The Bush administration adopted a different posture: that the president possesses inherent power to defy the law to protect national security. After President Bush added an ambiguous signing statement to 2005 legislation outlawing torture, Golove played a leading role in challenging it. Golove told the Boston Globe: “The signing statement is saying, ‘I will only comply with this law when I want to, and if something arises in the war on terrorism where I think it’s important to torture or engage in cruel, inhuman, and degrading conduct, I have the authority to do so.’” Later, officials confirmed that this was indeed the White House position.

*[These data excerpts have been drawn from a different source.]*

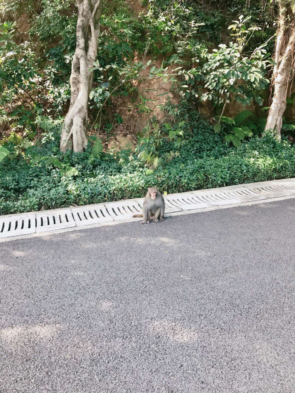 "這個東西很聰明,愛吃蘋果、香蕉和糖果,估計有三四十斤重,很肥。"今天上午,記者前往梅林山公園探訪猴子的蹤影。從梅山苑二期的梅林山公園入口一上公園主干道,記者就發(fā)現(xiàn)保安員陳先生正在路邊值守,梅林山公園管理處發(fā)現(xiàn)猴子后,就安排了保安員巡查看護。陳先生告訴記者,20日早上7點多猴子就出現(xiàn)在路邊,當(dāng)時公園人少,沒有討到吃的就走了。上午10點多,乘著游玩的人多猴子又跑出來湊熱鬧,保安員發(fā)現(xiàn)后拿了香蕉、橘子和糖果給它,猴子也一點不客氣,從人手里接過來就吃。原本靜謐的公園隨著猴子的出現(xiàn)熱鬧起來,圍觀的市民也紛紛慷慨解囊。這只胖乎乎的猴子一點也不怕人,最近時距離人不到一米遠,大家也親切叫它"肥仔"。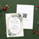 Ein weißer Hintergrund. Ein ovaler goldfarbener Rahmen aus Imitaten, verziert mit Kegeln, weißen Beeren und Kiefernwäldern. Imitate silberner Glitzer, Glitzern. Personalisieren und fügen Sie die Details hinzu. Schwarzer Text. QR-Code auf Ihrer Website für UAWG- und Party-Details.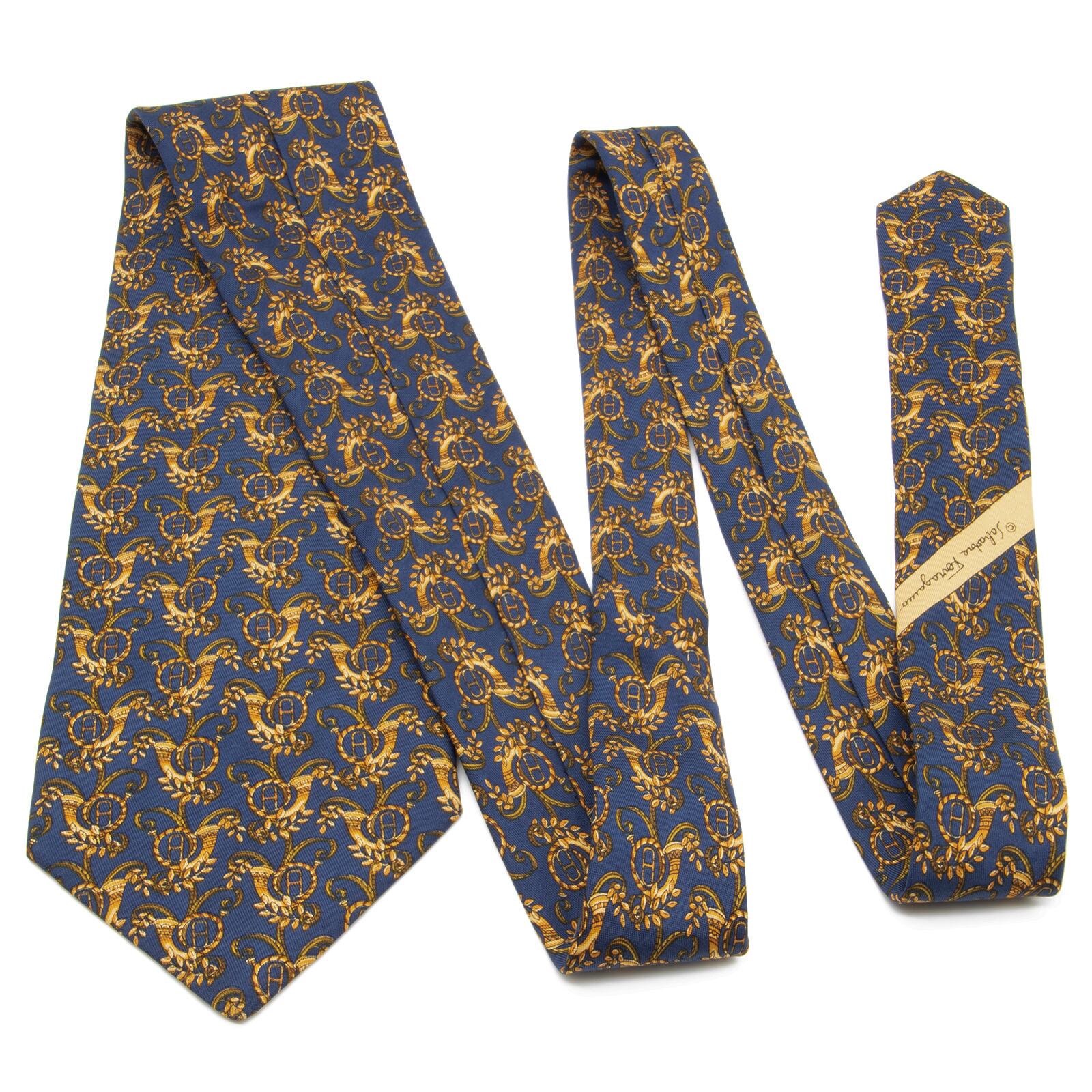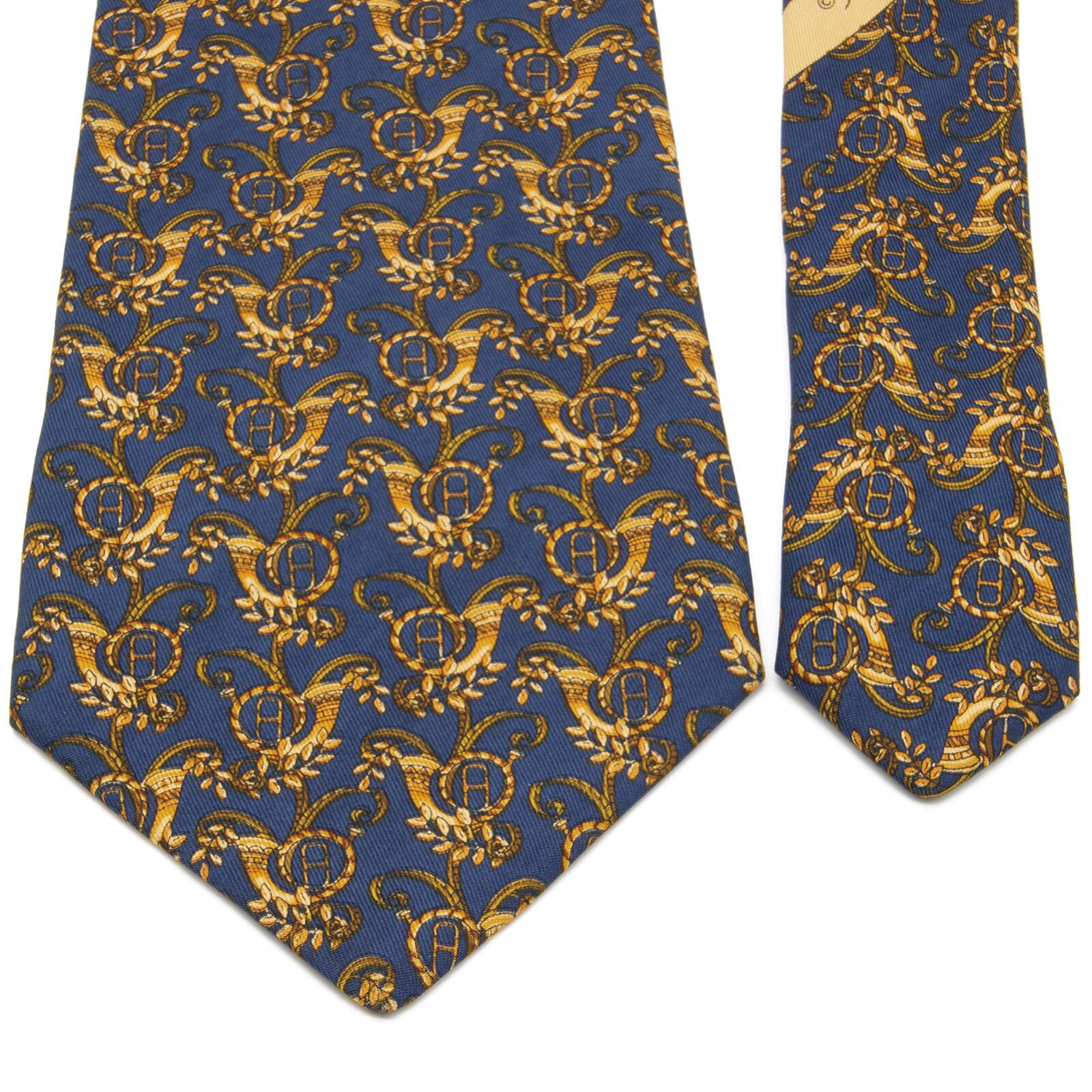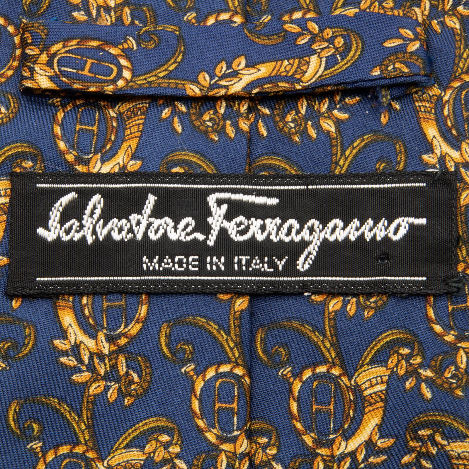 送料無料 フェラガモ ネクタイ ワイドタイ シルク ネイビーブルー ブロンズ ブランド ホルン 楽器 葉っぱ 珍しい おしゃれ イタリア製 N509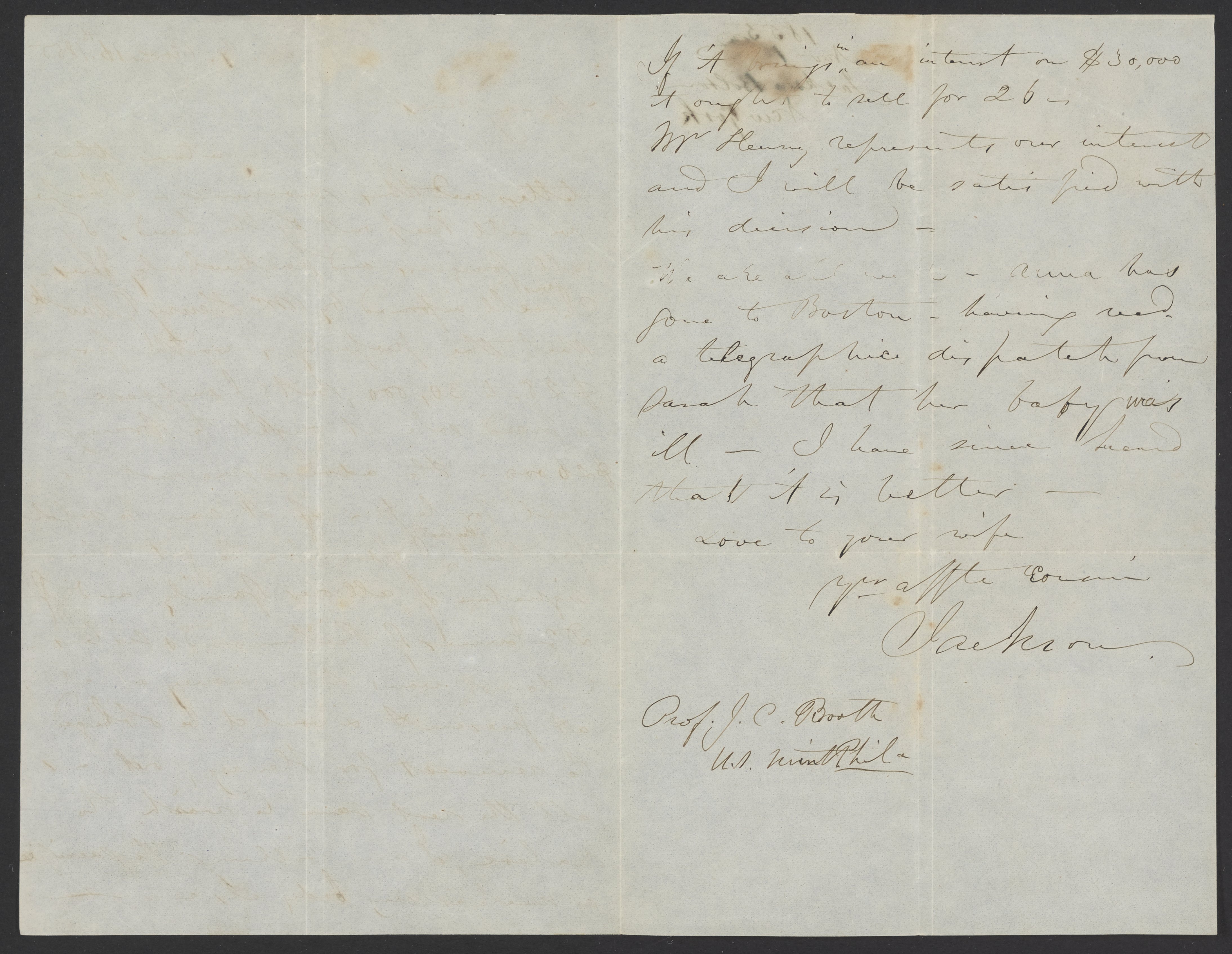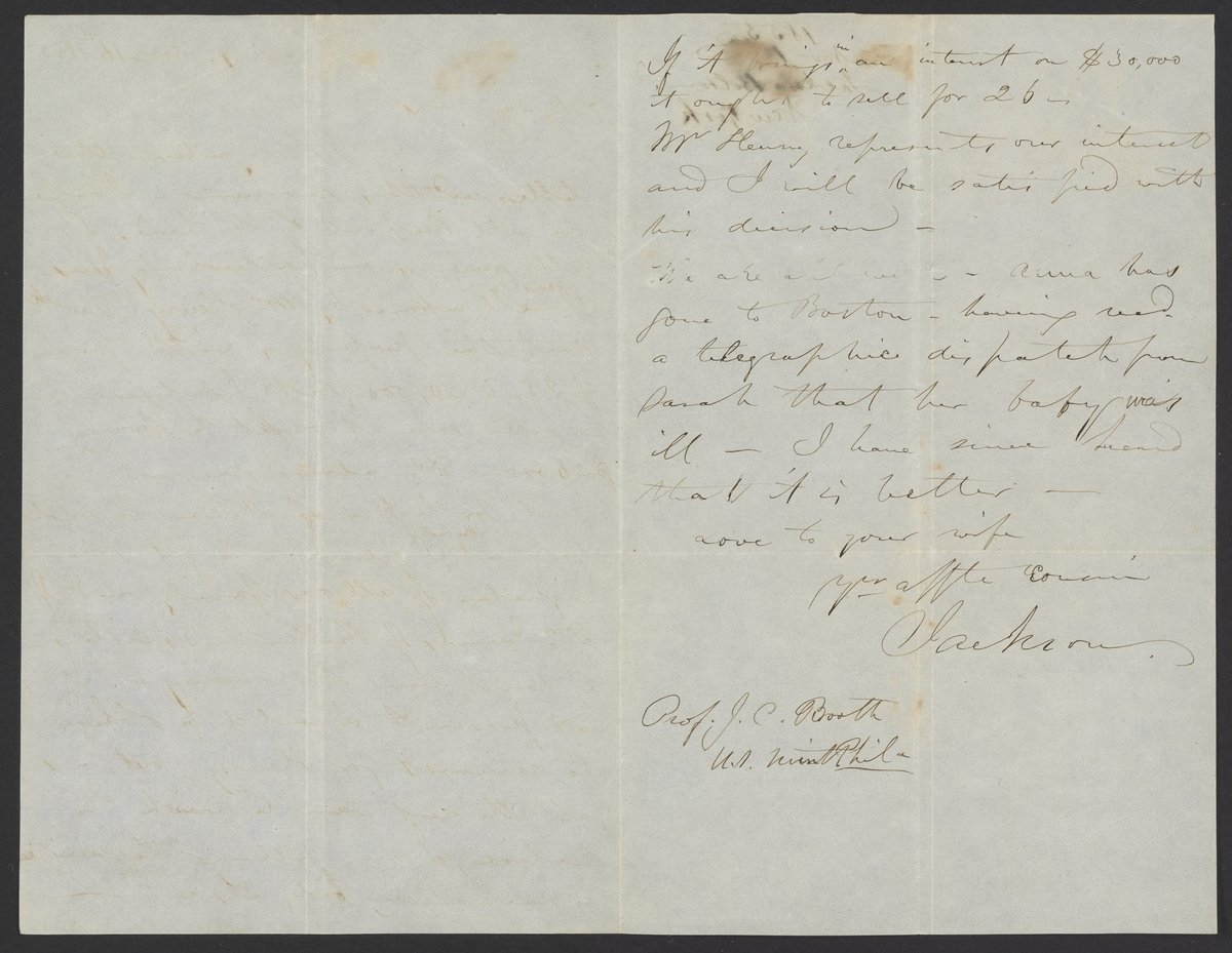 Small JPG1200 x 1811px — 338 KBFull-sized JPG2245 x 3389px — 992 KBOriginal fileTIFF — 2245 x 3389px — 21.8 MBJackson Bolton, a cousin of James Curtis Booth (1810-1888), discusses the impending sale of a property, possibly the property of Booth's late brother-in-law, Conrad W. Faber.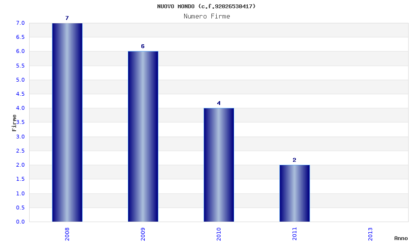 | Anno | Firme | Importi | Media | Naz. | Reg. | Prov. | Comu. |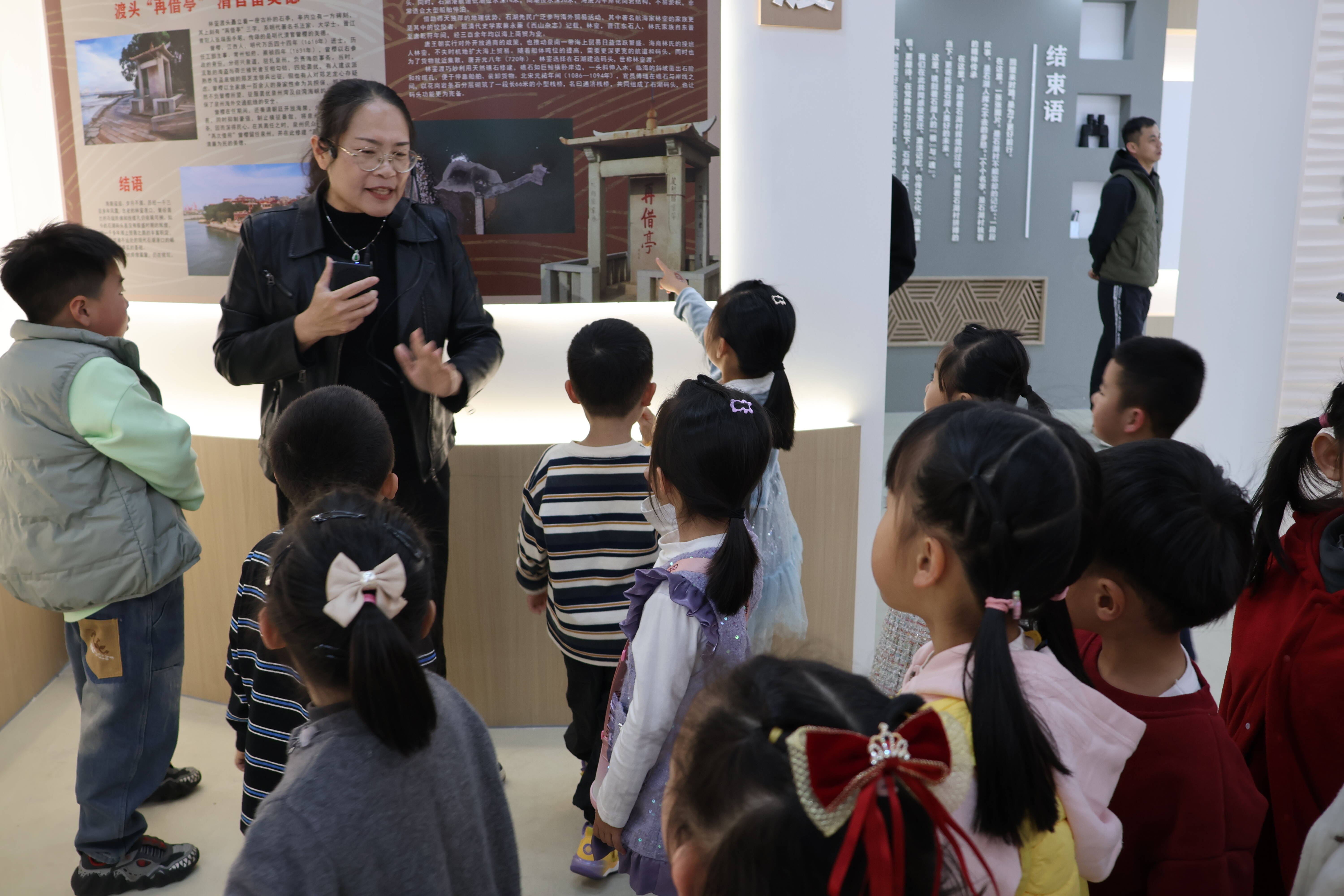 在村史馆,小朋友们近距离接触竹排、机帆船、集装箱货轮等作业运输工具模型,在老师讲解下,了解石湖航运业的发展变迁,感受石湖先民以海为生、勇闯四方的拼搏精神;在林銮渡,小朋友们认真聆听再借亭的故事,并走上古渡头,实地感受海丝航运的沧桑巨变。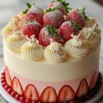 - Decorate and Serve: Garnish the cake with fresh whole and halved strawberries, sprinkle edible gold sprinkles on top, and lightly dust with powdered sugar. Slice, serve, and enjoy this stunning and delicious dessert!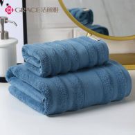 洁丽雅纯棉毛巾浴巾两件套 A类长绒棉洗脸洗澡柔软吸水速干大面巾 蓝色, 【A类长绒棉】深棕+深灰 2条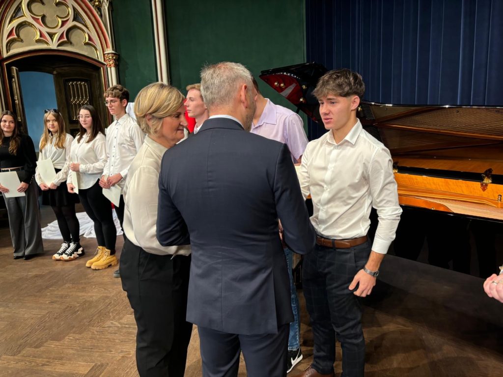 2️⃣ grudnia 2024 r. w murach Ogólnokształcącej Szkoły Muzycznej w Bytomiu odbyło się oficjalne wręczenie Stypendiów Prezesa Rady Ministrów. Stypendystą📃 naszej szkoły na rok szkolny 2️⃣0️⃣2️⃣4️⃣/2️⃣0️⃣2️⃣5️⃣ został uczeń klasy IV Niepublicznego Liceum Ogólnokształcącego – 𝗝𝗔𝗞𝗨𝗕 𝗟𝗔𝗠𝗣𝗔. Jakubowi serdecznie gratulujemy i życzymy samych sportowo-edukacyjnych sukcesów.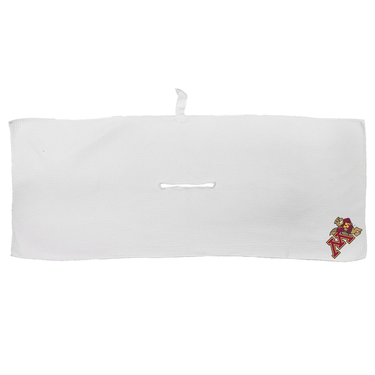Tri-Fold 16" x 22" towel features a checkered scrubber design for easier cleaning, swivel clip for easy attachment and removal from golf bags and a full color embroidered logo. 100% Cotton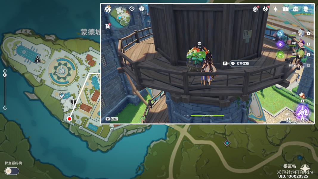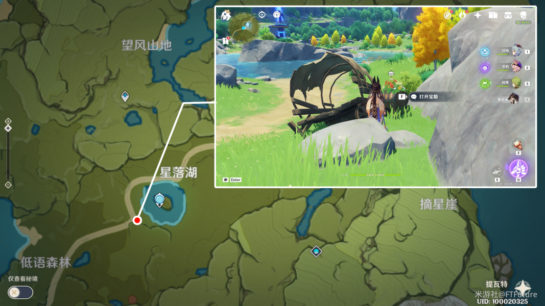 来到骑士团传送点北侧,前往如图位置,在风神雕像旁取得宝箱五。

Golove’s analysis doesn’t boil down simply to What Would Lincoln Do, however. “Lincoln did make a radical—and doubtful—claim of executive power,” the scholar says. “But that claim provides no precedent for the kind of powers that the Bush administration has asserted.” It’s critically important, he says, that Lincoln told Congress what he had done and promised to abide by lawmakers’ judgment on the legitimacy of his actions. “In contrast, the Bush administration acted secretly and withheld from Congress and the public the legal theories on which he was acting,” Golove says. “Moreover, the Bush administration has repeatedly claimed that the radical powers [Bush] assert[ed] are not only inherent executive powers but are exclusive powers, and that Congress is without any authority to override his decisions. These are hugely significant differences.”